O problema é que a prosperidade oferecida pelo petismo consistia em uma primavera precária, politicamente assentada sobre o PMDB e economicamente ancorada na passageira alta no preço internacional da commodities. Quando ainda no governo Dilma a crise econômica e política assaltou o país, já havíamos nos habituado a nos desresponsabilizarmos pela instituição e seus destinos, assim como tínhamos estiolado os instrumentos de luta a que outrora recorríamos em horas em que a porca torce o rabo.
À sucessão de abalos que, depois disso, acometeram a UFSC – a paixão e morte do Prof. Cancellier, a pandemia, o bolsonarismo, etc. –, nossa resposta limitou-se ao pânico e à perplexidade, uma atitude geral a que seguimos agarrados e nos leva a permanecer passivos diante desse cenário de esvaziamento da docência.
Outra causa de nossa inação diante do evidente desprestígio da função docente na UFSC me parece estar no fato de que, sobretudo nas Humanidades, introduzimos no debate público um relativismo e um culturalismo (desconstrução de –ismos como o eurocentrismo, o racismo, o sexismo, etc.) que agora retornam sobre a instituição sob a forma grotesca e caricatural de um moralismo agressivo que reserva adjetivos desairosos, cancelamentos e intimidação para cada mínimo ato que escape ou simplesmente pareça escapar aos novos cânones comportamentais: apresentar, por exemplo, uma bibliografia sobre períodos literários em que negros e mulheres não estavam representados é considerado uma violência (isso aconteceu a um colega de departamento); dizer que professores e TAES devem ser chamados de professores e TAEs, em vez de servidores, é elitismo (isso aconteceu comigo na lista de Whatsapp dos diretores de centro); citar Shakespeare e outros clássicos ocidentais é incorrer em crime de eurocentrismo (isso também aconteceu a mim na lista de diretores do Whatsapp); submeter um aluno negro ao que a lei exige para todos é racismo (isso aconteceu a uma professora e uma coordenadora de curso no CCE); chamar a atenção para a crise de manutenção predial na UFSC é negligenciar a crise das mulheres negras estupradas (isso foi o que ouvi publicamente da vice-reitora quando usei o termo crise para designar a incapacidade atual da instituição de responder ao estado de penúria em que nossas instalações se encontram).

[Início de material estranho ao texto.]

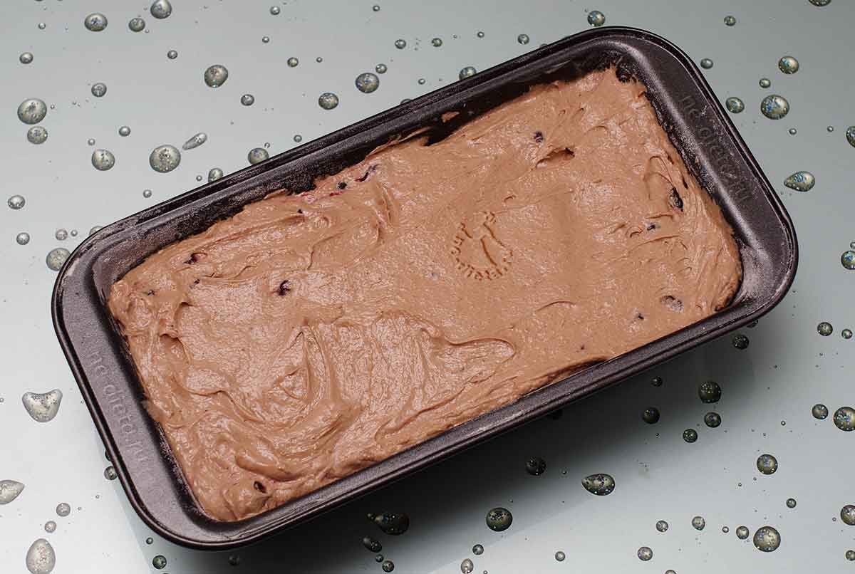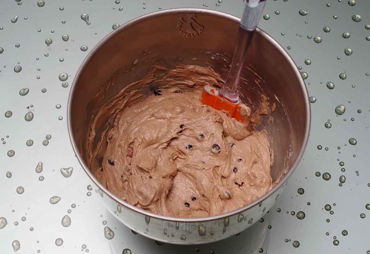 9. Положить смородину в тесто вместе с оставшимися белками и уже без миксера, очень аккуратно, но тщательно все перемешать, чтобы не повредить ягоды. Нежное текучее тесто для шоколадного кекса с черной смородиной готово!
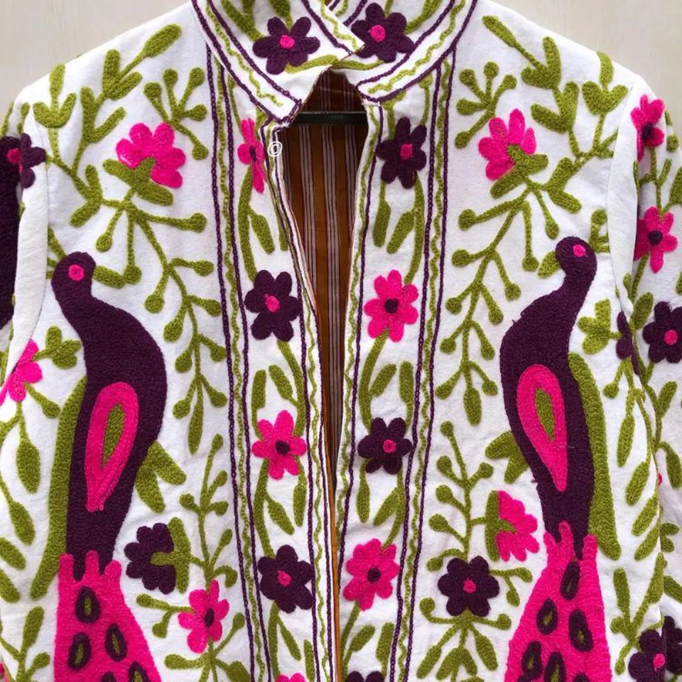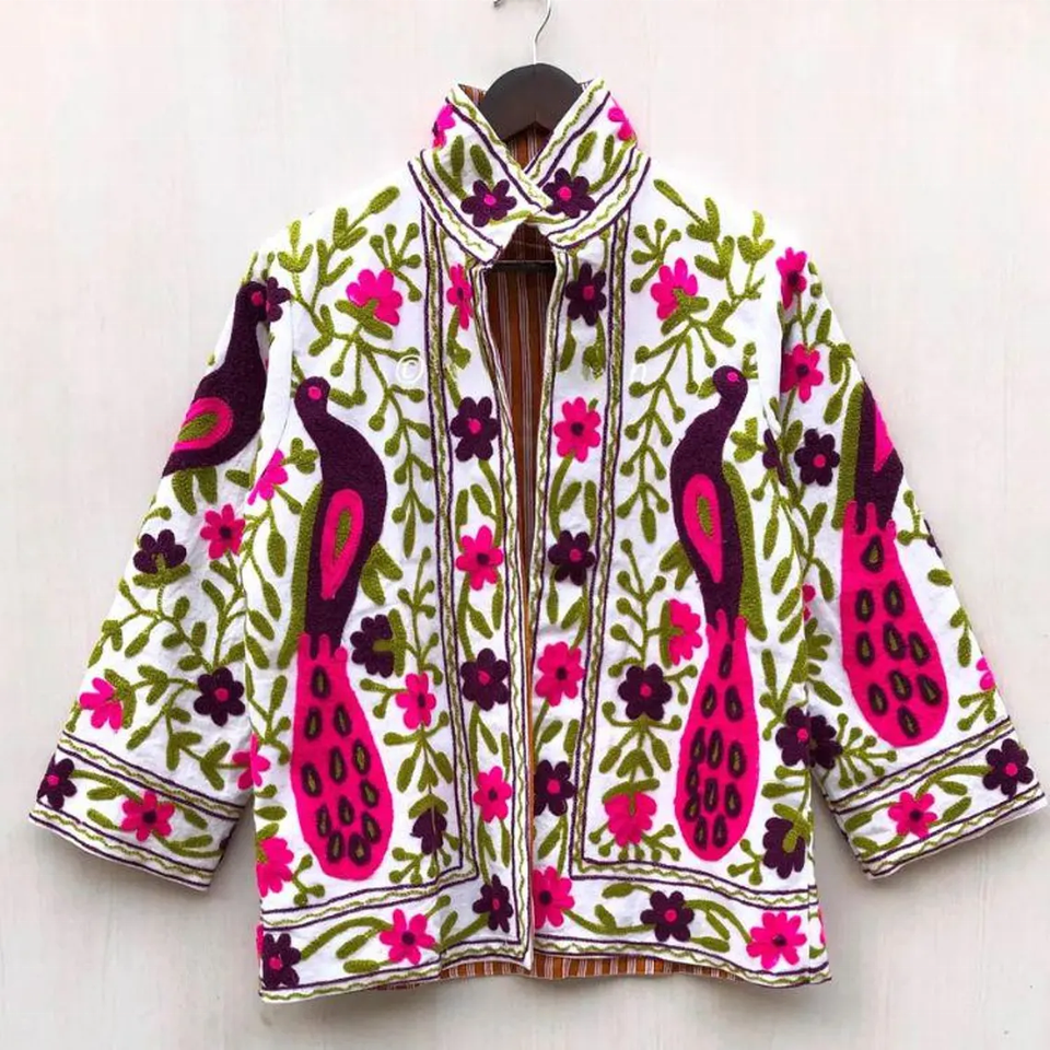 Velvet Suzani Chic Embroidered Short | Peacock Floral Ethnic Outerwear | Uzbek Vintage Style Jacket
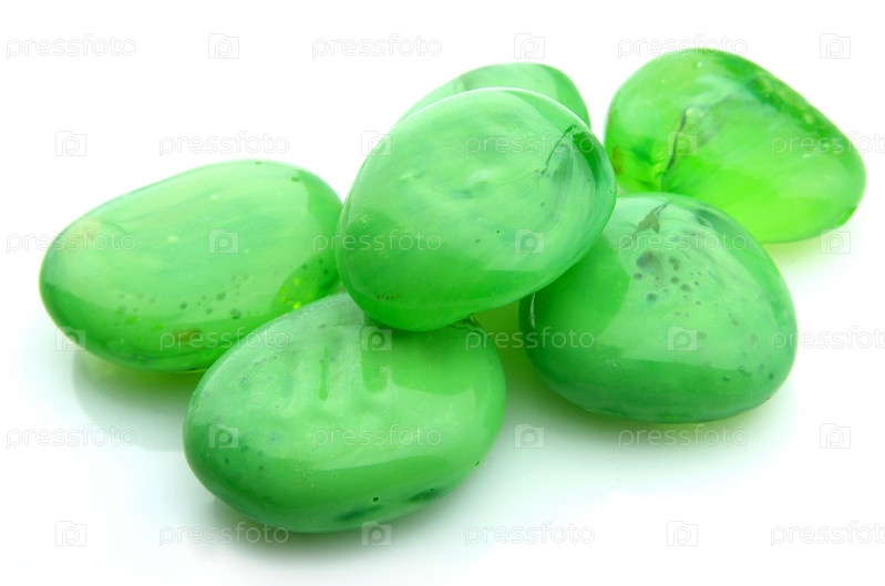 Зеленые стеклянные камушки на белом фоне
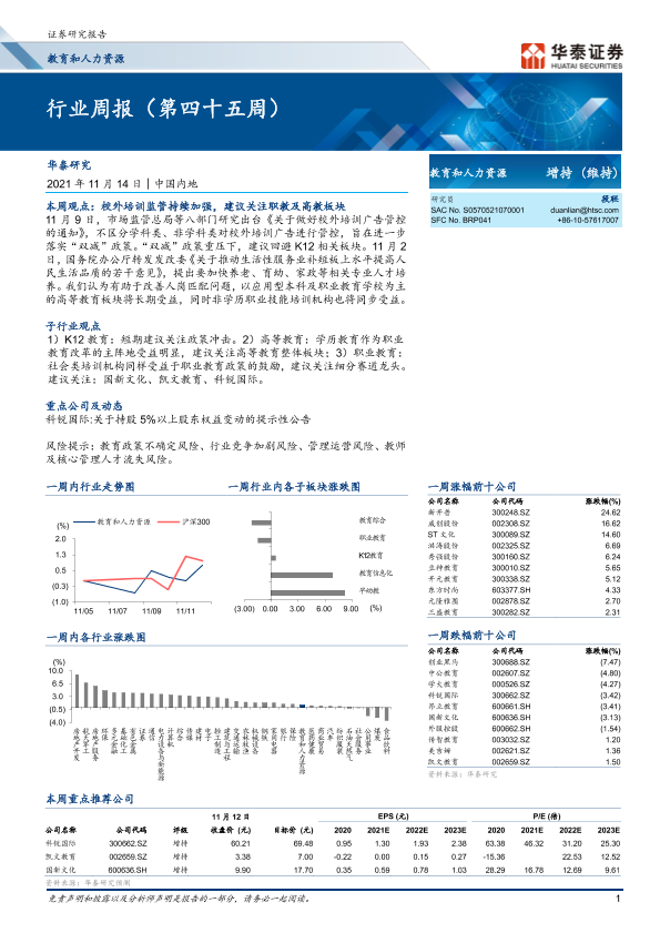 【华泰证券】【20211114】教育和人力资源行业周报(第四十五周)-14页
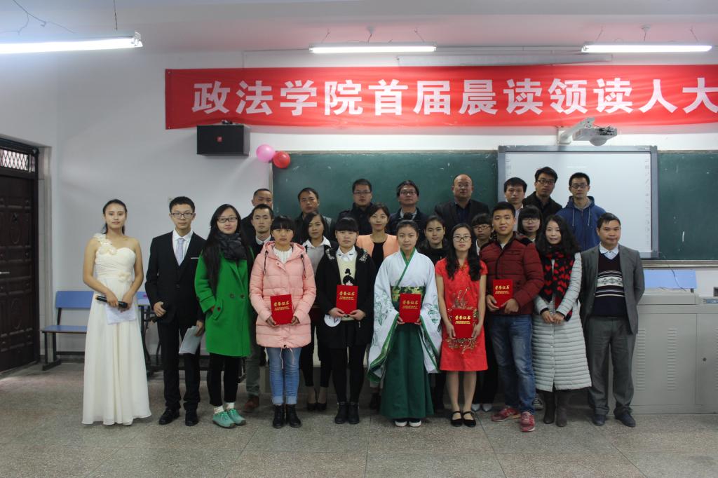 2015年11月28日上午,为进一步加强学风建设,弘扬社会主义核心价值观,营造政法学院良好积极的晨读氛围,提升同学们的阅读和朗诵能力,引领同学积极诵读中华优秀经典书籍和作品,展示同学的精神风貌和激发同学的青春与活力,政法学院在新教学楼B21教室举办了首届“晨读领读人”比赛。政法学院党总支书记、院长徐忠,副院长余治平,瞿家儒、彭建斌等教师以及各班大众评委担任比赛评委。
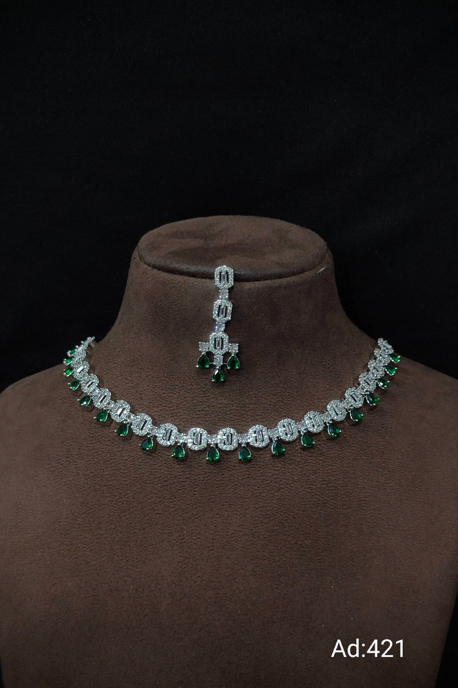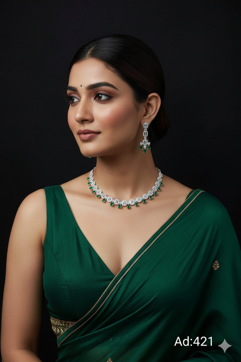 Experience unparalleled elegance with our AD Sets, meticulously crafted to perfection. Each set features stunning American Diamonds set on a base of durable brass and copper. Choose from a variety of exquisite platings including Silver, Gold, Rose Gold, Victoria, and Silver+Gold, catering to every style preference. Elevate your ensemble with the timeless allure of our AD Sets, perfect for adding glamour to any occasion. Indulge in the sophistication and radiance of these meticulously crafted pieces, designed to make you shine wherever you go.
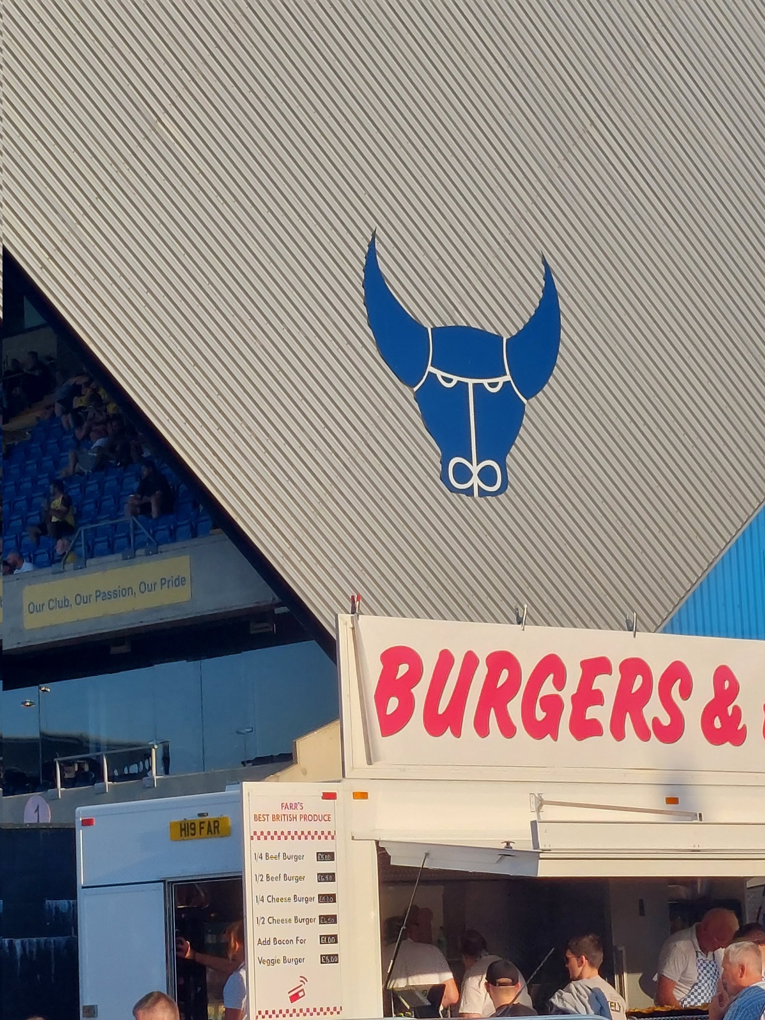 This is the view from the car park. As you can see, the one end of the Kassam is completely open so you can see into the ground from the car park and, vice versa, you can see all of the car park from the Kassam. So, you can keep an eye on your car during the game. The left side there is the away “end” and we passed a fair few Swansea fans on the way in. We turned up at 7.15pm for a 7.45pm kick off, which was probably leaving it a bit late. On our way in the burger van had a massive queue.

A terceira causa diz respeito à psicologia de nossos tempos: em um período marcado por uma esfera pública em frangalhos e um questionamento radical e indiscriminado de tudo que recenda remotamente à tradição ocidental, as pessoas, ao contrário do que preconizam nossas ilusões libertárias, não se sentem livres. Sentem-se perdidas. E quando se está perdido, tudo que resta para nos sustentar subjetivamente é aprovação do outro, o amor do outro – de qualquer outro, bem entendido.
O que parece empatia, simpatia e compreensão é, na verdade, angústia de se indispor com o próximo, complacência, incapacidade de lidar com tensões e contradições próprias da vida social. Não se quer perder o amor do outro, não porque se o ame verdadeiramente, mas porque não se suporta viver sem ser amado até por quem não deu qualquer prova de mereça a nossa consideração. Narcissisme oblige.